The focal adhesion protein zyxin: regulator of arterial mechanics and structure

Introduction: The focal adhesion protein zyxin participates in the organization of the cytoskeleton. However, the real function of the protein is not known. In this study we have analyzed the dual role of zyxin in the regulation of vascular tone and in pressure‐induced vascular gene expression. Methods: Femoral arteries freshly isolated from zyxin‐null and wild type C57/BL6 mice were isolated and subjected to defined perfusion conditions in a pressure myograph with real time diameter measurement. Primary human endothelial cells (EC) were cultured on flexible membranes and subjected to cyclic strain in a computer‐assisted Flexercell strain device.

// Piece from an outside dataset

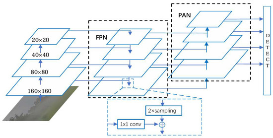 Deep feature maps obtained through multiple downsamplings contain rich semantic information but may lose fine details and precise location cues. In contrast, shallow feature maps preserve detailed spatial information but are more susceptible to noise and lack semantic understanding. To leverage the strengths of both, the improved model adopts a feature fusion structure based on FPN and PAN, as shown in Figure 8. FPN enhances semantic propagation from deep to shallow layers, while PAN improves the transfer of location information from shallow to deep layers. This fusion strategy enables the network to extract more robust and discriminative features across scales, effectively improving small-object detection performance.

Analytical standard procedures such as real time RT‐PCR, Western blot and (immuno‐)histochemisty were used. Results: In response to increases in wall tension, zyxin translocates to the nucleus and mediates stretch‐induced gene expression. Zyxin‐deficient arteries respond to prolonged increases in pressure with a perpendicular rearrangement of medial smooth muscle cells. This adaptive alignment along the pressure gradient explains the inability of zyxin‐deficient vessels to contract properly in response to physiological stimuli such as epinephrine, acetylcholine or Endothelin‐1. Conclusion: In vascular cells, zyxin has a dual role as an organizer of the force‐producing machinery and as a mechanotransducer upon mechanical overload.